[Research/Spike]: Ability to parse formulas for highlighting
So I'm doing formula syntax highlighting in my spreadsheet like this example:

Currently hyperformula does formula parsing internally however there's no way to access it and the indexes in the string for it.
I tried to internally access lexer to do it but that doesn't work as it hasn't been parsed in the AST yet.
I also looked at getCellPrecedents, however this requires the cells to have been set already and in the dependency tree I think.
So something like:
@helper~
parseFormulas(text: string): string[].
Would be great.
If anyone knows of a work around to do this in the meantime that would be great as well.
~Actually after debugging through HF I have seen that LexerConfig.js holds the regexp patterns. So I can use these to find the cell references through text and then convert them to SimpleCellAddresses which I think I should be able to do with simpleCellAddressFromString().~
~However it would be good to export the regex patterns from hyperformula to enable this from the root import.~
EDIT: actually no this doesn't work either...
As this regex from HF:
(([A-Za-z0-9_À-ʯ]+|'(((?!').|'')*)')!)?\$?[A-Za-z]+\$?[0-9]+
Matches the formulas in invalid strings still, for example: =2A1
This is what I have got working for now:
const lexer = this.spreadsheet.hyperformula._parser.lexer;
const { tokens } = lexer.tokenizeFormula(text);
const cellReferenceParts: ICellReferencePart[] = [];
const tokenParts = [];
for (const [index, token] of tokens.entries()) {
if (index === 0 && token.tokenType.name !== EqualsOp.name) {
break;
}
if (token.tokenType.name === CellReference.name) {
const color = getSyntaxColor();
cellReferenceParts.push({
startOffset: token.startOffset,
endOffset: token.endOffset,
referenceText: token.image,
color,
});
}
}

You can see it incorrectly highlights A2 in 2A2 even though it's invalid.
I'm thinking the best way to fix this is to iterate all characters before & after a cell reference up to the Multiply/Add/Divide etc Operations and see if each character is valid or not.
Then I will try put this in hyperformula as a parseValidCellReferences() function as a PR if people here think it should go in hyperformula?
If not then we the createTokens will still need exporting from the root of HF
It looks great @MartinDawson ! do you use Handsontable as the table solution?
@AMBudnik Thanks.
No we just use Hyperformula.js. We are creating our own which will match Google Sheets as close as possible because we needed a canvas based solution in the long term for our main application and not DOM (due to performance if there's tons of cells/styles visible).
It's still very early though with some bugs.
Here's an example demo: https://storybook.powersheet.io/?path=/story/spreadsheet--formulas
This issue is just about parsing valid cell references from a string with HF. I just added screenshots to make it easier to see the use case for it.
Ah.. yes, understandable.
I love this idea and I'm delighted to see such advanced use of HyperFormula.
Yeah we use pretty much every feature of HF, especially custom functions :). It would be impossible to do this without it (I tried & failed at creating my own parser before I found HF) so it's really great.
HF parser will fail with partially written formula:

You will not get any tokens for this scenario.
I was considering such a method when designing public API. But HF will not be very helpful here and I don't think this is the right way to go. HF will parse only full, valid formula string. Anything else is rejected. Those regexes are not ready for partially written formula, which is what we get during the editing process.
But you should have everything that is needed to implement such functionality.
Named expressions autocomplete can be achieved with listNamedExpressions or getAllNamedExpressionsSerialized(). So whenever you get anything that is not function, reference or string, you may filter the list to find best matches. Like GS does:

For function list intelisense, like GS functionality:

You can use getRegisteredFunctionNames() method. Then filter the list
Function arguments intelisense may require some additional meta data storage #2.

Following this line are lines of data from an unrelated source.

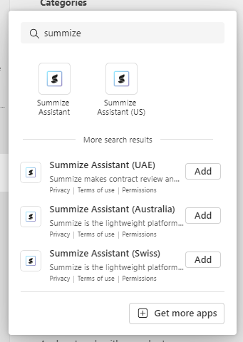 - Add the appropriate ‘Summize Assistant’ Teams integration
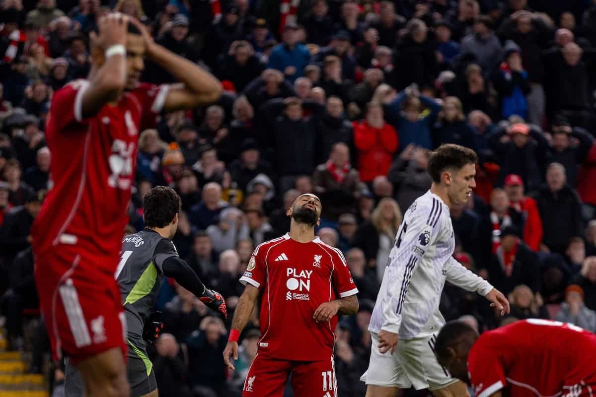 LIVERPOOL, INGLATERRA – Domingo 19 de octubre de 2025: Mohamed Salah del Liverpool reacciona después de perder una oportunidad durante el partido de la FA Premier League entre el Liverpool FC y el Manchester United FC en Anfield. (Foto de David Rawcliffe/Propaganda)
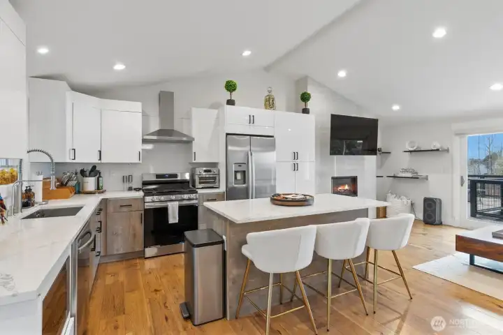 Experience refined living in this fully reimagined Upper Kennydale residence. A comprehensive 2022 renovation delivers modern luxury with lasting structural integrity — including a new roof, new siding, and a high-efficiency heating and cooling system. The thoughtfully designed 4-bedroom, 3-bathroom floor plan offers generous proportions throughout, with luxury plank floors anchoring each room in warmth and continuity. The kitchen is appointed with stainless steel appliances, two tone cabinetry, and finished with clean, contemporary detailing. Elevated indoor-outdoor living defines the home's most distinctive feature: a large, elevated deck positioned to accommodate generous entertaining and al fresco gatherings. Its scale and elevated position make it an exceptional venue for hosting, from intimate dinners to larger social occasions. Located in the sought-after Kennydale neighborhood, the property sits approximately 13 minutes from downtown Bellevue, offering convenient access to the Eastside's premier employment, dining, and retail destinations.
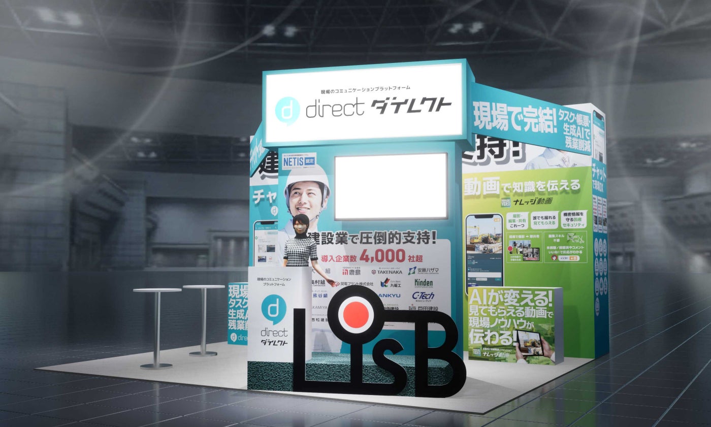 L is Bブースでは、建設業で高い支持を受けている現場向けビジネスチャット「direct/ダイレクト」をはじめ、生成AIを活用した現場の最新事例をご紹介します。さらに現場向けかんたん整理カメラ&クラウド共有「タグショット/タグアルバム」、現場ノウハウを簡単・安全に共有する「ナレッジ動画」などをご案内します。また、各サービスを10分でわかりやすく解説するミニセミナーも実施します。ブース来場特典もご用意しておりますので、ぜひ弊社ブースにお立ち寄りください。
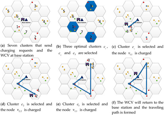 To illustrate Algorithm 1, we use an example shown in Figure 3. Assume that there are five to-be-charged clusters in the network at some time point (see Figure 3a). First, we calculate the distance between each cluster and the base station, and sort the distance in ascending order which is . The nearest cluster is first selected (see Figure 3b). Then we calculate the distance of the remaining clusters from the cluster , and the order is . The cluster is selected since it is closest to the cluster (see Figure 3c). Similarly, the remaining clusters are selected one by one (see Figure 3d,e). Finally, after charging cluster (see Figure 3f), the WCV will return to the base station to recharge itself. A charging tour according to the nearest neighbor algorithm is formed.
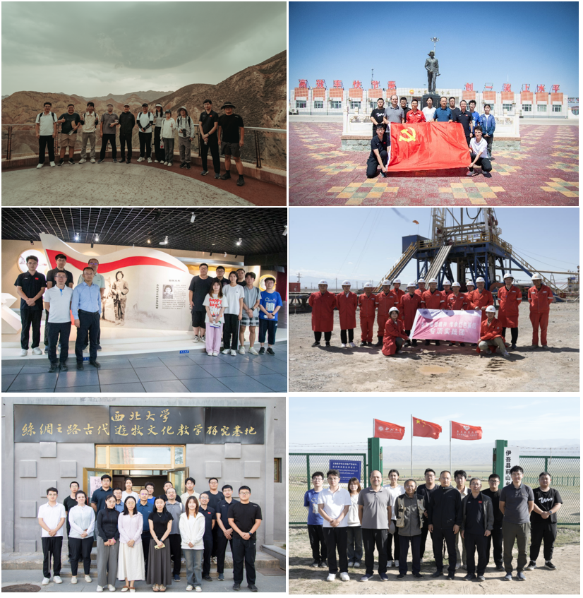 本次“访企拓岗”期间,张志飞还带领师生实践队伍开展了系列实践教学活动。在丹霞地貌与典型剖面地带,队员们深入岩层,进行地质调查与认知实习;在三塘湖盆地,实践队伍重温了乐鱼web版登录入口1953级杰出校友杨拯陆烈士的感人事迹,在其铜像前庄重拜谒,并以现场教学、集体纪念等形式,深刻引导青年学生厚植爱国主义情怀、强化使命担当。随后,实践队还对吐哈油田采油作业现场进行了实地考察,深入了解我国西部油气田的发展历程、勘探技术及数字化运维情况,提升了学生对能源勘探全过程的感性认知与系统理解。此外,在巴里坤县和伊吾县,实践队还与乐鱼web版登录入口东天山考古队开展了2场实地交流,促进了地质与考古学科之间的交叉融合,拓宽了学生的学术视野。
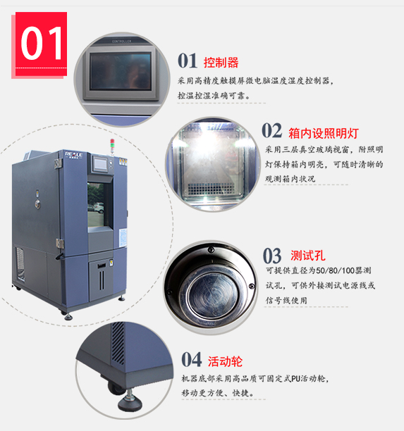 | 標準配件Standard Accessories | 三層真空層觀察窗1個、Φ5cm測試孔一個、試驗架2套、箱內照明燈1個、指示燈、移動工作輪4個、水箱,電源線2米、通訊界面 one observation window , one test hole(Φ5cm),Two sets of test racks,one floodlight,one indicator light, four moving wheels,one humidifying tank,2 meters of power cord,communication interface |
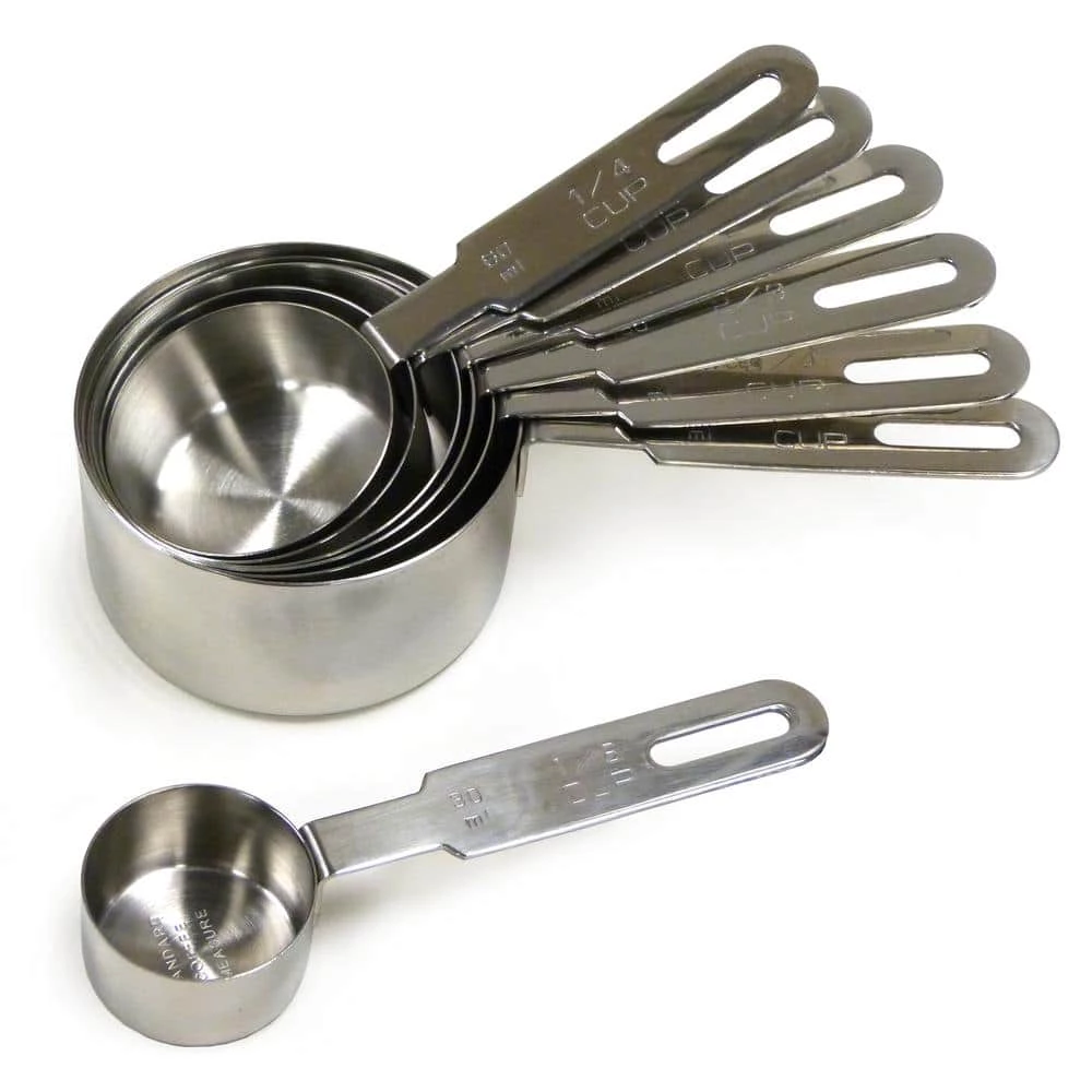 These heavy gauge stainless steel measuring cups have long rounded handles which make them durable and easy to use. This 7-piece set includes 1, 3/4, 2/3, 1/2, 1/3, 1/4 and 1/8 cup. This will be the last measuring cup set you will ever need.
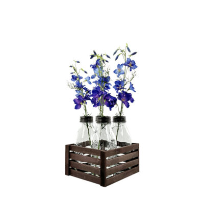 Blue Delphinium Orchids in Wood Crate w/4 Glass Bottles – 7264029
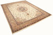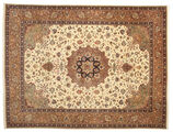 This carpet is knotted in workshops in the city of Tabriz in northwestern Persia. It is a sturdy durable carpet with a short rough pile. The patterns can consist of a centrally placed medallion surrounded by arabesques, weeping willows and cypresses. Another popular motif is the four seasons, describing the Persian farmers life during spring, summer, autumn and winter.

But those files should be stored next to the HF anyway and does not require any changes in HF. Of course, they are needed only if we need additional descriptions and guides (as well translations for them). Some basic argument intelisense should be possible with getAllFunctionPlugins() by reading meta from plugin static property implementedFunctions. Argument list and types are there for taking.
https://github.com/handsontable/hyperformula/blob/b989cfde24024309eae32a3edb069de84539ddeb/src/interpreter/plugin/SumifPlugin.ts#L63-L71
And if you want to get helpful tooltip with calculated value:

You probably already know, but for anyone else that's reading this "guide". When we have parsed range or cell reference with regex we can get cells coordinates to highglight with simpleCellAddressFromString() or simpleCellRangeFromString()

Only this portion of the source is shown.